**Data block:**
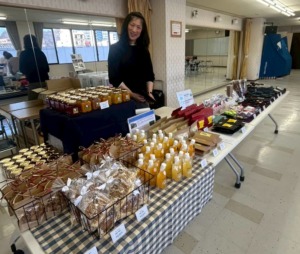 待合を兼ねたバザーコーナーでは、生花やお餅、パールのアクセサリーなどを販売。障害のある方の福祉作業所で作られたジャムやコーヒーも人気を呼んでいました。
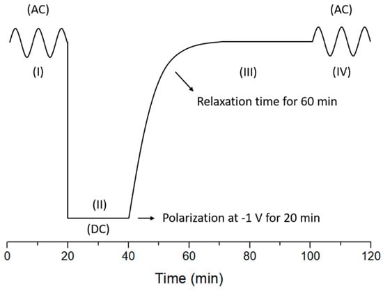 The corrosion protection performance was evaluated using an accelerated AC–DC–AC method [], whose cycles consisted of three steps, as shown in Figure 1:
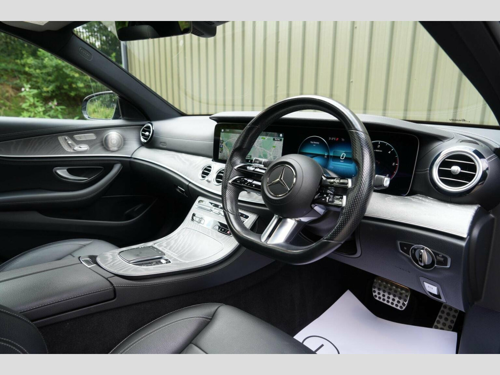 PANORAMIC ROOF - NIGHT PACKAGE - FACELIFT MODEL - This 2021 21 registered Mercedes-Benz E400d AMG Line Night Edition is a remarkable blend of luxury, performance and cutting edge technology. Finished in Canvansite Blue Metallic with a sumptuous Black Nappa Leather interior, the car has covered just 53,000 miles with one previous owner, reflecting its meticulous care and as new condition. The exterior features sleek 20 AMG multi spoke alloy wheels and the distinctive Night Package. A panoramic glass sunroof enhances the sense of space and light, while the Multibeam LED intelligent headlight system with adaptive high beam assist ensures optimal visibility in all conditions. Inside, the luxurious cabin is equipped with Black Nappa hide upholstery and a cutting edge 12.3 inch windscreen multimedia colour display, seamlessly integrated with the MBUX multimedia system featuring Navigation Plus. The Burmester premium surround sound system offers exceptional audio clarity, while smartphone integration through Android Auto and Apple CarPlay ensures seamless connectivity. Comfort and convenience are elevated by a wireless charging system and a 3 spoke AMG multifunctional steering wheel in Nappa leather. Advanced technology includes a 360 degree surround view camera system and the active park assist package. The Traffic Sign Assist feature keeps you informed of speed limits and road restrictions, while the Keyless Go starting system ensures convenience at every turn. The 4MATIC all-wheel-drive system provides exceptional traction and stability, complemented by agility control suspension with selective damping. This stunning E400d AMG Line Night Edition (Premium Plus) 4MATIC represents exceptional value, immaculate presentation and Mercedes-Benzs renowned engineering excellence. ****VIEWING STRICTLY BY APPOINTMENT ONLY - FOR FURTHER INFORMATION REGARDING THIS VEHICLE AND ANY OTHER PRESTIGE OR PERFORMANCE MARQUE IN STOCK, PLEASE CALL SALES DIRECT ON 0161 223 4977. VEHICLE FINANCE SPECIALISTS OFFERING COMPETITIVE FINANCE PACKAGES****
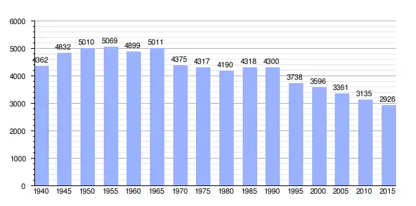 Gráfica de evolución demográfica de Kiso entre 1940 y 2015 |

**Exercise:** From the first line above to the line containing "The corrosion protection", repeat each line exactly. Pictures stay out.

**Response below:**
 待合を兼ねたバザーコーナーでは、生花やお餅、パールのアクセサリーなどを販売。障害のある方の福祉作業所で作られたジャムやコーヒーも人気を呼んでいました。
 The corrosion protection performance was evaluated using an accelerated AC–DC–AC method [], whose cycles consisted of three steps, as shown in Figure 1:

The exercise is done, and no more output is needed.